Давнее в новом качестве всплывает в памяти постаревшего Буонарроти свежо, как сегодняшнее. И тогда в его творчестве выявляется то, за что был признан художественным еретиком Боттичелли — иная, нежели у него, но вполне несомненная субъективность трактовки. Убоявшись отчасти ее размаха даже в своем сокрушившем покой Сикстинской капеллы — «Страшном суде», Микеланджело всецело отдается ей в своих поздних рисунках, отличающихся не столько формальной, сколько образной недоговоренностью целого.

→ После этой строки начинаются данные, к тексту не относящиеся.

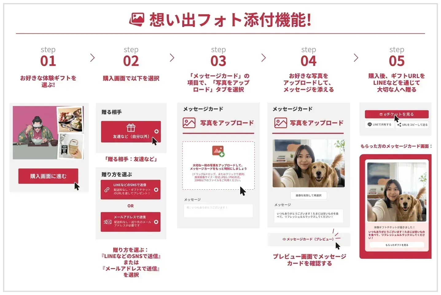 - お好きな写真をアップロードして、メッセージを添える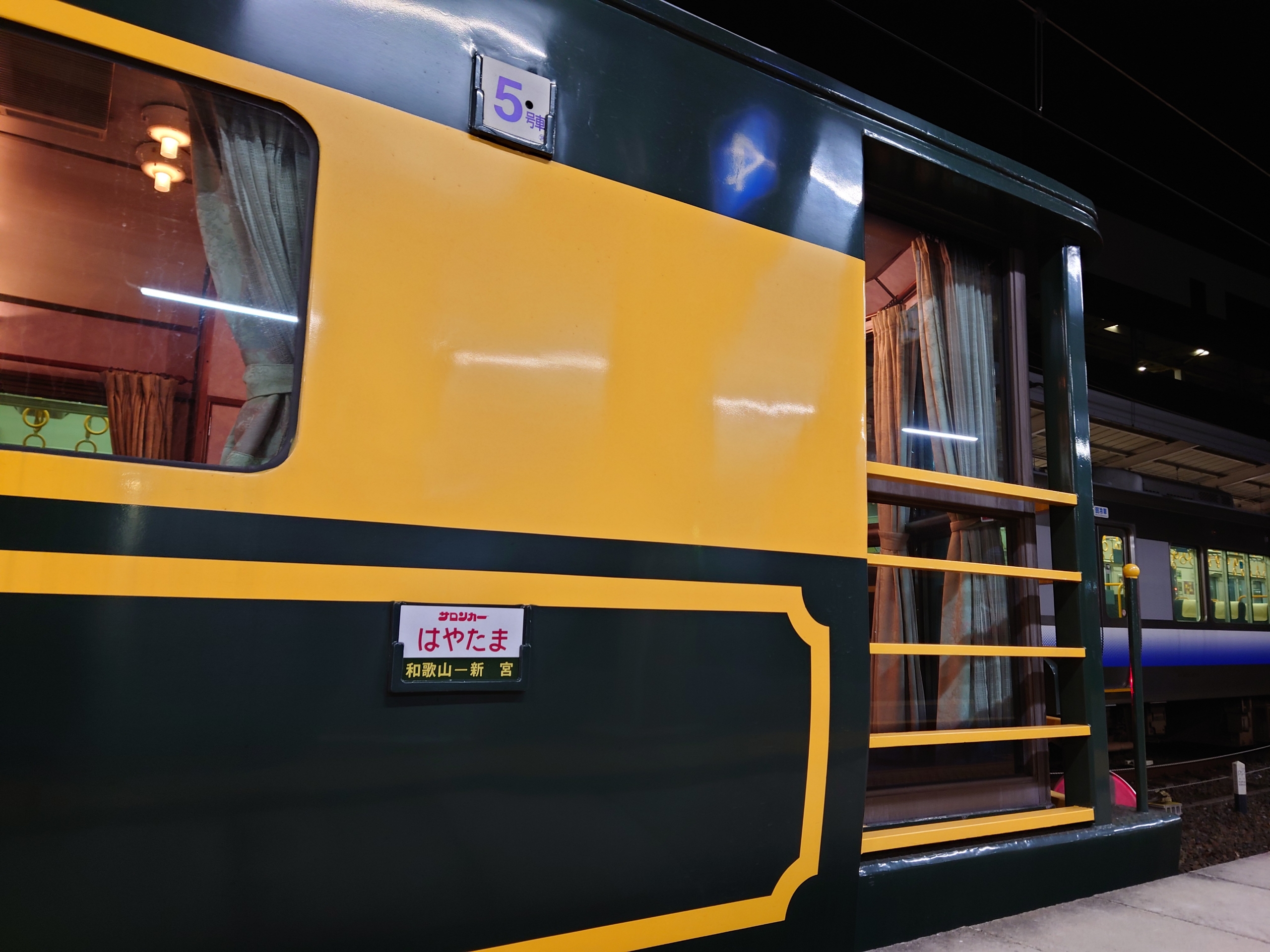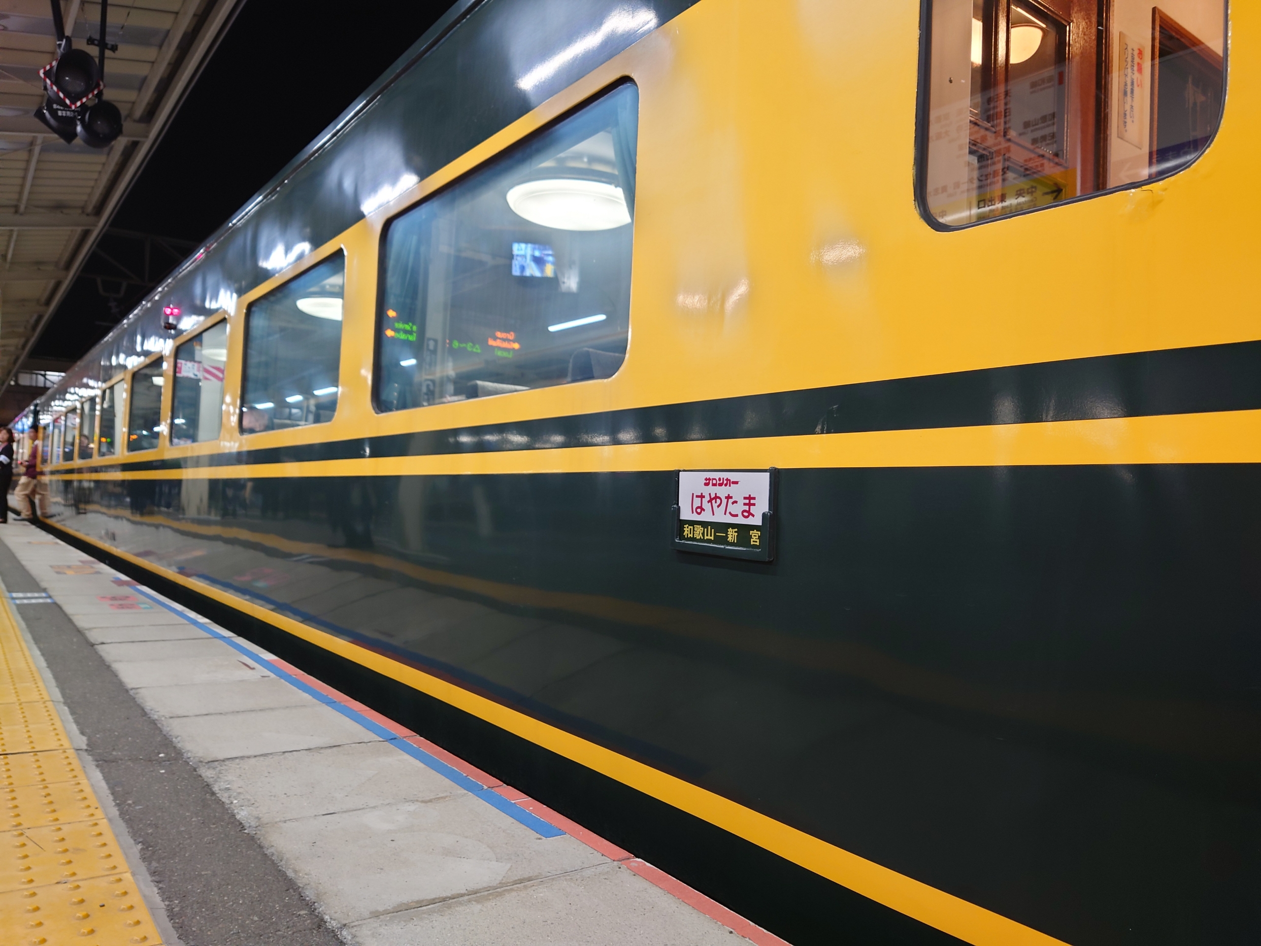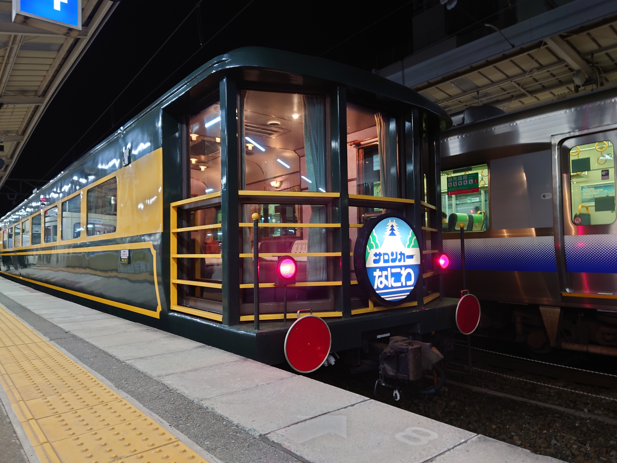 今日も忙しくて少し遅めの帰宅で和歌山駅にやってきたら、やたらと大きいエンジンの音がしたので!?!と思ってホームをみてみたら、「サロンカーなにわ」団体臨時列車が停車していました。

Идейный кризис влечет за собою тяжелый разрыв между замыслом и воплощением в целой серии его безнадежно трагических «Распятий».

В последних своих сонетах с их нарастающим ощущением безнадежности Буонарроти приходит к полному отрицанию жизнеутверждающих ренессансных идей (которые некогда сам проповедовал с таким убеждением и пылом), внушающему беспощадную мысль о бесцельности его художественного творчества, подобную той, что много раньше побудила Сандро Боттичелли вообще оставить занятия искусством. Ставший свидетелем окончательной гибели республики во Флоренции, в условиях кризиса всей культуры Возрождения, последний великий его представитель уходит из жизни в сознании непримиримых противоречий между светлыми идеалами ренессансного гуманизма и трагическим пессимизмом нового мироощущения.

Правда, особые предчувствия искусства Боттичелли ничего общего не имели ни с барочным надрывом, в котором агонизировало искусство последователей позднего Микеланджело, ни с отвлеченным холодом и мертвенной красивостью бессчетных эпигонов солнечного Санти. Эклектически понятые и односторонне воспринятые традиции наследия того и другого, превращенные в догмы, во всех проявлениях академического классицизма на несколько столетий сковали малоподвижной условностью художественную жизнь всей Европы.